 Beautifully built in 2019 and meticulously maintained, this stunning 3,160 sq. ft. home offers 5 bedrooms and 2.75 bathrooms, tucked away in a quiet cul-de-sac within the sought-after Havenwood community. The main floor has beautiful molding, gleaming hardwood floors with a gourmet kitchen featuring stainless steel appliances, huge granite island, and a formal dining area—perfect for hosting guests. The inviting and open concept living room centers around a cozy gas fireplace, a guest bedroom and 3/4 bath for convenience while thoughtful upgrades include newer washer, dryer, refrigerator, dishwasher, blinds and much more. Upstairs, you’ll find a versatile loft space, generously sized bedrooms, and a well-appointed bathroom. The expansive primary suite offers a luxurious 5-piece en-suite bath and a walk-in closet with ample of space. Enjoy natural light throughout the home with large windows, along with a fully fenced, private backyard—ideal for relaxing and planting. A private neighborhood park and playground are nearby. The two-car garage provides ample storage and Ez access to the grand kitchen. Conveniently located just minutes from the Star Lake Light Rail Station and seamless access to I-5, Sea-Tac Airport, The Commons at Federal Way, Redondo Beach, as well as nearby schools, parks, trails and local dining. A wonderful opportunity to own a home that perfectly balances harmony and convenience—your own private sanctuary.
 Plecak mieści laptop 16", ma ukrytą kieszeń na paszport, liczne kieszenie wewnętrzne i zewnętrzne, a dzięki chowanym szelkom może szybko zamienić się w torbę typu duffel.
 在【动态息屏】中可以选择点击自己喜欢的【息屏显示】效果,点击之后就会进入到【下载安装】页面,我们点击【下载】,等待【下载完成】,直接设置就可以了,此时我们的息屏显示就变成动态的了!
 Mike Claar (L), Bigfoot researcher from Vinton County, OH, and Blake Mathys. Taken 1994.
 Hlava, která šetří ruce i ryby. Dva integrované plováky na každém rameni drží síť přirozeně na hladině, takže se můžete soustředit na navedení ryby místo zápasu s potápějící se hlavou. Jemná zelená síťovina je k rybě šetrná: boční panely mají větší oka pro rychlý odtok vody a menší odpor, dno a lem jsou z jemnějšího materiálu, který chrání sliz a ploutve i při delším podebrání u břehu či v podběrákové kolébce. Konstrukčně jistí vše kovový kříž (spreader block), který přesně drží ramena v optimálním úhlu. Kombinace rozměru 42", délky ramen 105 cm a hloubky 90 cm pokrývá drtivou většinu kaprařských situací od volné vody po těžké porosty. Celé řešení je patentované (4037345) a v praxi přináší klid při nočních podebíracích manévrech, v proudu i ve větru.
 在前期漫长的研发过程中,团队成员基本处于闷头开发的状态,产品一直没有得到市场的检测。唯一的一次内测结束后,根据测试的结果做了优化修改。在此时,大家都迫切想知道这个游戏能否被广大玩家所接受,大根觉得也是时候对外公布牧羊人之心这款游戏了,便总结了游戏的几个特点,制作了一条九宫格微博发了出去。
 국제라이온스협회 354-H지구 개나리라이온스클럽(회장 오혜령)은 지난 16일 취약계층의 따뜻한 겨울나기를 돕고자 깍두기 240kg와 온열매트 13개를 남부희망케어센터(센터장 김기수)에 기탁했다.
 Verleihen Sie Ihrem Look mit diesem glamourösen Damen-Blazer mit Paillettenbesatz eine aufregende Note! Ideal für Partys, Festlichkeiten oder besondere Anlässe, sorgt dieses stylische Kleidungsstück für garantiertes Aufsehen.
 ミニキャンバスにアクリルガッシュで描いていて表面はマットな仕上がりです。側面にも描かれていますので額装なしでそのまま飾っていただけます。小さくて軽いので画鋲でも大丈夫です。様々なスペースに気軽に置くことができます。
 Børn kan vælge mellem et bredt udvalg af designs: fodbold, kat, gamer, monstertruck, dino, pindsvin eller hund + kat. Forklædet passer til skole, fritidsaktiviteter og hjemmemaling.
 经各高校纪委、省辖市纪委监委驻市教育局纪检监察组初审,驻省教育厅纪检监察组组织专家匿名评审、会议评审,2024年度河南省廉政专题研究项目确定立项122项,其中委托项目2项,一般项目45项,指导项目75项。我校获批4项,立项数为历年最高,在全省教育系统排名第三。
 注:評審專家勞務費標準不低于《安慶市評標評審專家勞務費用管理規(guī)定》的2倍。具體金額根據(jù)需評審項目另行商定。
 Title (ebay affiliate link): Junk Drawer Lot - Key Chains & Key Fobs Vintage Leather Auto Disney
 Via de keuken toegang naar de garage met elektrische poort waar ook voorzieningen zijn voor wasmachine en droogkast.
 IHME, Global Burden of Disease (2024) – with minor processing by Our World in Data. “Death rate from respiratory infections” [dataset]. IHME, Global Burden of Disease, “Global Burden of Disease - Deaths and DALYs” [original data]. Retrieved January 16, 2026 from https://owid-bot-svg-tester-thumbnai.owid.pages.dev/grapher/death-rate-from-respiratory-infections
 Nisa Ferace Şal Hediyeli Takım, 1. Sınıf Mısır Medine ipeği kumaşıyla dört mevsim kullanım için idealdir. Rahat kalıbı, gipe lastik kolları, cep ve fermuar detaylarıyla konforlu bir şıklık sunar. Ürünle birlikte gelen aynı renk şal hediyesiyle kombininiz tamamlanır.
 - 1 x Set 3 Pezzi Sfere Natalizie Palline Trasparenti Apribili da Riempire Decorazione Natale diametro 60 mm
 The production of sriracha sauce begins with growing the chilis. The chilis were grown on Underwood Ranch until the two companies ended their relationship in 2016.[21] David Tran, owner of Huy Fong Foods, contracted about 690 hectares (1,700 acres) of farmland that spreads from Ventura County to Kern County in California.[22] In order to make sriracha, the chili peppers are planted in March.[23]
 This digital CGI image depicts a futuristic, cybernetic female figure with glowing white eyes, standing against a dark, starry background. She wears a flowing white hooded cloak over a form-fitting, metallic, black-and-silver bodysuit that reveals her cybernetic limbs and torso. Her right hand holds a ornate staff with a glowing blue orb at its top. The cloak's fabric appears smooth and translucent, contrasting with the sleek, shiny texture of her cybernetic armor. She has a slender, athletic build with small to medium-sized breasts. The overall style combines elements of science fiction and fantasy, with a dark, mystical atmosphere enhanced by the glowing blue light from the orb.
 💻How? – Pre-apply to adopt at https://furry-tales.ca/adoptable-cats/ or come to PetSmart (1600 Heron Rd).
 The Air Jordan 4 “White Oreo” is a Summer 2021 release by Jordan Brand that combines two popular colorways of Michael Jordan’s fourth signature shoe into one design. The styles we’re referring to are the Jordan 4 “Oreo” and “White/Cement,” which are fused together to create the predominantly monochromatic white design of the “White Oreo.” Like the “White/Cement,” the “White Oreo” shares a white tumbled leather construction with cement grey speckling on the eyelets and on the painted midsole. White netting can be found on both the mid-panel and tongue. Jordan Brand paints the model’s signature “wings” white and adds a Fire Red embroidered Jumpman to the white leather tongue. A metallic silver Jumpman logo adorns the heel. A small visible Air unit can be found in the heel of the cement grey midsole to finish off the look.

###

■ To do:
Reproduce each of the entries exactly, omitting none.

■ Task result:
 Beautifully built in 2019 and meticulously maintained, this stunning 3,160 sq. ft. home offers 5 bedrooms and 2.75 bathrooms, tucked away in a quiet cul-de-sac within the sought-after Havenwood community. The main floor has beautiful molding, gleaming hardwood floors with a gourmet kitchen featuring stainless steel appliances, huge granite island, and a formal dining area—perfect for hosting guests. The inviting and open concept living room centers around a cozy gas fireplace, a guest bedroom and 3/4 bath for convenience while thoughtful upgrades include newer washer, dryer, refrigerator, dishwasher, blinds and much more. Upstairs, you’ll find a versatile loft space, generously sized bedrooms, and a well-appointed bathroom. The expansive primary suite offers a luxurious 5-piece en-suite bath and a walk-in closet with ample of space. Enjoy natural light throughout the home with large windows, along with a fully fenced, private backyard—ideal for relaxing and planting. A private neighborhood park and playground are nearby. The two-car garage provides ample storage and Ez access to the grand kitchen. Conveniently located just minutes from the Star Lake Light Rail Station and seamless access to I-5, Sea-Tac Airport, The Commons at Federal Way, Redondo Beach, as well as nearby schools, parks, trails and local dining. A wonderful opportunity to own a home that perfectly balances harmony and convenience—your own private sanctuary.
 Plecak mieści laptop 16", ma ukrytą kieszeń na paszport, liczne kieszenie wewnętrzne i zewnętrzne, a dzięki chowanym szelkom może szybko zamienić się w torbę typu duffel.
 在【动态息屏】中可以选择点击自己喜欢的【息屏显示】效果,点击之后就会进入到【下载安装】页面,我们点击【下载】,等待【下载完成】,直接设置就可以了,此时我们的息屏显示就变成动态的了!
 Mike Claar (L), Bigfoot researcher from Vinton County, OH, and Blake Mathys. Taken 1994.
 Hlava, která šetří ruce i ryby. Dva integrované plováky na každém rameni drží síť přirozeně na hladině, takže se můžete soustředit na navedení ryby místo zápasu s potápějící se hlavou. Jemná zelená síťovina je k rybě šetrná: boční panely mají větší oka pro rychlý odtok vody a menší odpor, dno a lem jsou z jemnějšího materiálu, který chrání sliz a ploutve i při delším podebrání u břehu či v podběrákové kolébce. Konstrukčně jistí vše kovový kříž (spreader block), který přesně drží ramena v optimálním úhlu. Kombinace rozměru 42", délky ramen 105 cm a hloubky 90 cm pokrývá drtivou většinu kaprařských situací od volné vody po těžké porosty. Celé řešení je patentované (4037345) a v praxi přináší klid při nočních podebíracích manévrech, v proudu i ve větru.
 在前期漫长的研发过程中,团队成员基本处于闷头开发的状态,产品一直没有得到市场的检测。唯一的一次内测结束后,根据测试的结果做了优化修改。在此时,大家都迫切想知道这个游戏能否被广大玩家所接受,大根觉得也是时候对外公布牧羊人之心这款游戏了,便总结了游戏的几个特点,制作了一条九宫格微博发了出去。
 국제라이온스협회 354-H지구 개나리라이온스클럽(회장 오혜령)은 지난 16일 취약계층의 따뜻한 겨울나기를 돕고자 깍두기 240kg와 온열매트 13개를 남부희망케어센터(센터장 김기수)에 기탁했다.
 Verleihen Sie Ihrem Look mit diesem glamourösen Damen-Blazer mit Paillettenbesatz eine aufregende Note! Ideal für Partys, Festlichkeiten oder besondere Anlässe, sorgt dieses stylische Kleidungsstück für garantiertes Aufsehen.
 ミニキャンバスにアクリルガッシュで描いていて表面はマットな仕上がりです。側面にも描かれていますので額装なしでそのまま飾っていただけます。小さくて軽いので画鋲でも大丈夫です。様々なスペースに気軽に置くことができます。
 Børn kan vælge mellem et bredt udvalg af designs: fodbold, kat, gamer, monstertruck, dino, pindsvin eller hund + kat. Forklædet passer til skole, fritidsaktiviteter og hjemmemaling.
 经各高校纪委、省辖市纪委监委驻市教育局纪检监察组初审,驻省教育厅纪检监察组组织专家匿名评审、会议评审,2024年度河南省廉政专题研究项目确定立项122项,其中委托项目2项,一般项目45项,指导项目75项。我校获批4项,立项数为历年最高,在全省教育系统排名第三。
 注:評審專家勞務費標準不低于《安慶市評標評審專家勞務費用管理規(guī)定》的2倍。具體金額根據(jù)需評審項目另行商定。
 Title (ebay affiliate link): Junk Drawer Lot - Key Chains & Key Fobs Vintage Leather Auto Disney
 Via de keuken toegang naar de garage met elektrische poort waar ook voorzieningen zijn voor wasmachine en droogkast.
 IHME, Global Burden of Disease (2024) – with minor processing by Our World in Data. “Death rate from respiratory infections” [dataset]. IHME, Global Burden of Disease, “Global Burden of Disease - Deaths and DALYs” [original data]. Retrieved January 16, 2026 from https://owid-bot-svg-tester-thumbnai.owid.pages.dev/grapher/death-rate-from-respiratory-infections
 Nisa Ferace Şal Hediyeli Takım, 1. Sınıf Mısır Medine ipeği kumaşıyla dört mevsim kullanım için idealdir. Rahat kalıbı, gipe lastik kolları, cep ve fermuar detaylarıyla konforlu bir şıklık sunar. Ürünle birlikte gelen aynı renk şal hediyesiyle kombininiz tamamlanır.
 - 1 x Set 3 Pezzi Sfere Natalizie Palline Trasparenti Apribili da Riempire Decorazione Natale diametro 60 mm
 The production of sriracha sauce begins with growing the chilis. The chilis were grown on Underwood Ranch until the two companies ended their relationship in 2016.[21] David Tran, owner of Huy Fong Foods, contracted about 690 hectares (1,700 acres) of farmland that spreads from Ventura County to Kern County in California.[22] In order to make sriracha, the chili peppers are planted in March.[23]
 This digital CGI image depicts a futuristic, cybernetic female figure with glowing white eyes, standing against a dark, starry background. She wears a flowing white hooded cloak over a form-fitting, metallic, black-and-silver bodysuit that reveals her cybernetic limbs and torso. Her right hand holds a ornate staff with a glowing blue orb at its top. The cloak's fabric appears smooth and translucent, contrasting with the sleek, shiny texture of her cybernetic armor. She has a slender, athletic build with small to medium-sized breasts. The overall style combines elements of science fiction and fantasy, with a dark, mystical atmosphere enhanced by the glowing blue light from the orb.
 💻How? – Pre-apply to adopt at https://furry-tales.ca/adoptable-cats/ or come to PetSmart (1600 Heron Rd).
 The Air Jordan 4 “White Oreo” is a Summer 2021 release by Jordan Brand that combines two popular colorways of Michael Jordan’s fourth signature shoe into one design. The styles we’re referring to are the Jordan 4 “Oreo” and “White/Cement,” which are fused together to create the predominantly monochromatic white design of the “White Oreo.” Like the “White/Cement,” the “White Oreo” shares a white tumbled leather construction with cement grey speckling on the eyelets and on the painted midsole. White netting can be found on both the mid-panel and tongue. Jordan Brand paints the model’s signature “wings” white and adds a Fire Red embroidered Jumpman to the white leather tongue. A metallic silver Jumpman logo adorns the heel. A small visible Air unit can be found in the heel of the cement grey midsole to finish off the look.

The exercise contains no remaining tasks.